I mean, you can write shell-like scripts in Python even today and use type hints to get type safeness. But in real world this practice seems to be restricted to writing more complex programs, programs that require actual in-language processing, complex control flow, use of libraries and so on. Your typical shell script which just chains together a handful of UNIX utilities — no, I don't see that happening a lot.
To put it in other words, different "scripting languages" managed to carve their own problem spaces from what once used to be the domain of shell, but almost none of them attacked its very core use case, the place where it acts as a dumb glue between stand-alone applications.
But when writing shell scripts, I observe that I do have a type system in mind. When I type "ls" I know that an argument of type "path" should follow. Sometimes I am even explicit about it. When I save JSON into a file, I name it "foo.json". But none of that is formalized in the language.
And in some way, albeit in a very hacky one, shell is to some extent aware of the types. When I type "ls" and press Tab twice a list of files appears on the screen. When I type "git checkout" pressing Tab twice results in a list of git branches. So, in a way, shell "knows" what kind of argument is expected.
And the question that's bugging me is whether the same can be done in a more systemic way.
Maybe it's possible to have a shell-like language with actual type system. Maybe it could know that file with .json extension is supposed to contain JSON. Or it could know that "jq" expects JSON as an input. Maybe it could know that JSON is a kind of text file and that any program accepting a text file (e.g. grep) can therefore accept JSON as well. And it could know that "ls -l" returns a specific "type", a refinement of "text file" and "file with one item per line", with items like access rights, ownership, file size and so on.
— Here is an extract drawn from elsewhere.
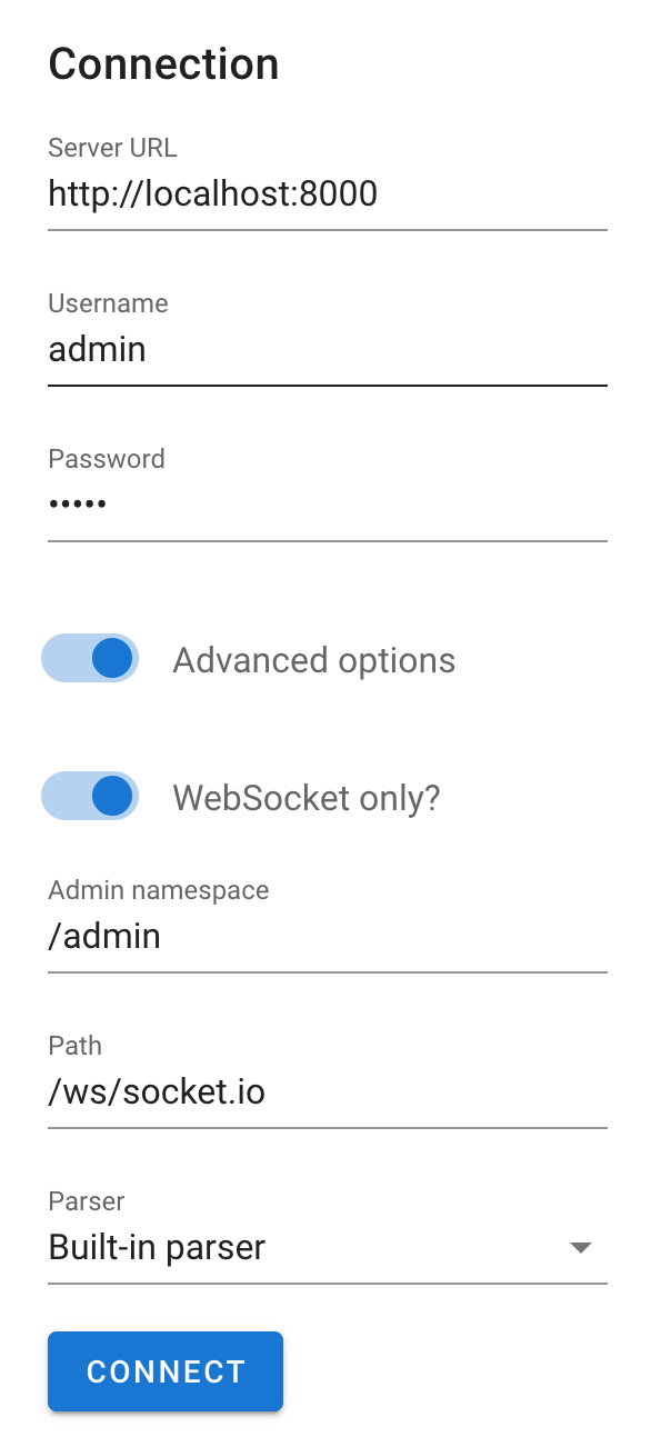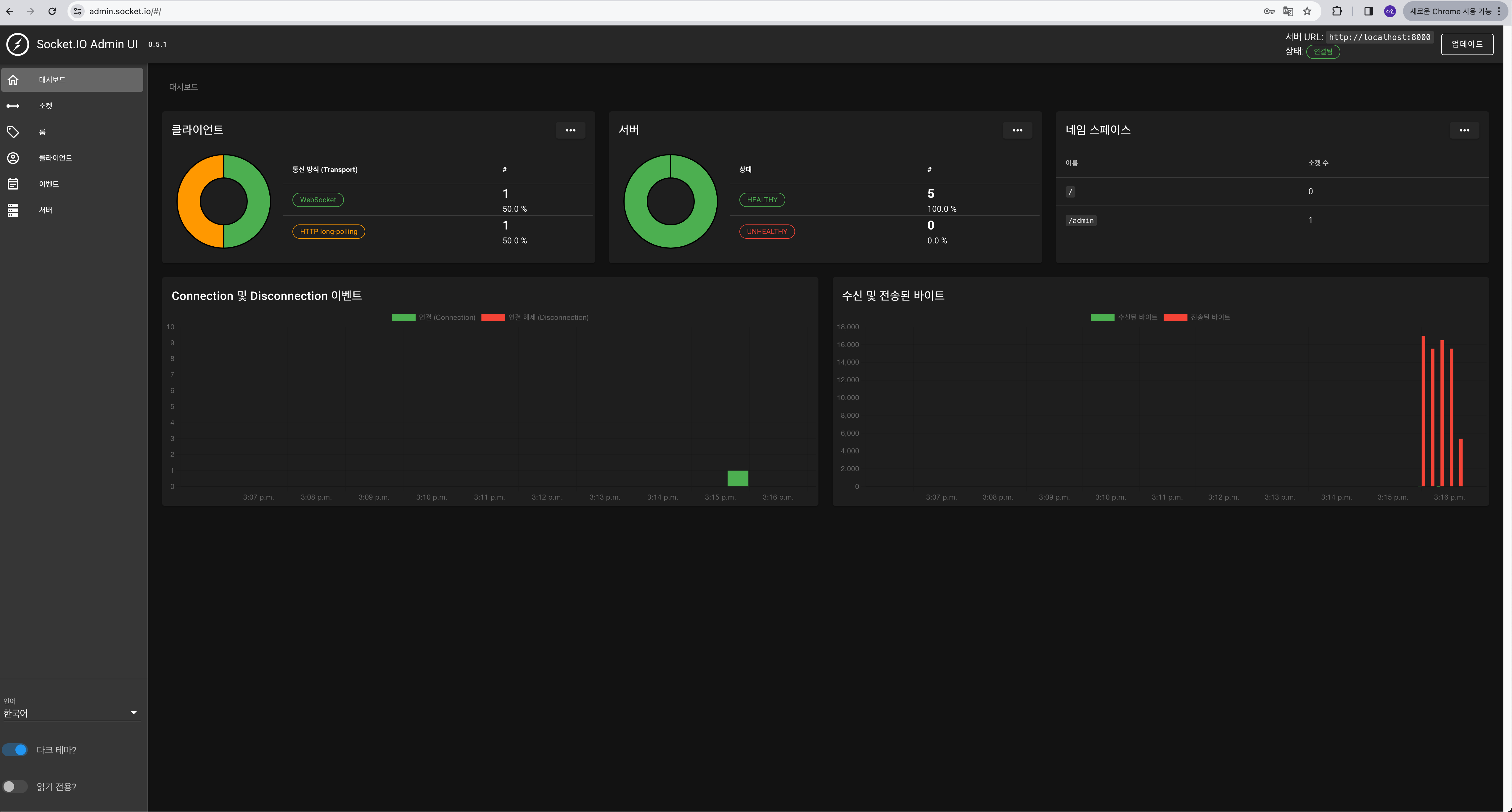 Socket.IO의 admin UI는 Socket.IO 서버의 상태를 실시간으로 모니터링할 수 있는 대시보드다.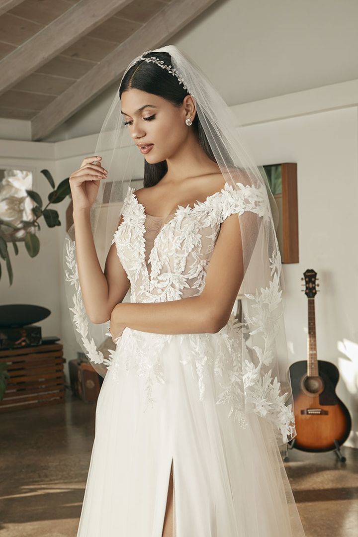 Soft, sweet, and inspired by the effortless beauty of nature, Style BL387 Remi by Beloved is a youthful vision of timeless romance. This A-line gown is intricately embellished with beading, sequins, and lace along the off-the-shoulder straps and plunging neckline. The delicate flower and vine lace appliques meander from the bodice down the front of the skirt, culminating in layers of voluminous, flowing tulle in a 60" train. A subtle split reveals just the right amount of leg, and is perfect for showing off your wedding day heels. Pair with matching 52" veil BL387V adorned with lace for a classic accompaniment.

But how would one do that?
In addition to the language implementing a type system it would require some kind of annotation of common UNIX utilities, adding formal specification of their arguments and outputs. (With all programs not present in the database defaulting to "any number of arguments of any type and any output".) Maybe it can be done by simple type-safe wrappers on top of existing non-type-safe binaries.
There seems to be a lot of food for thought here.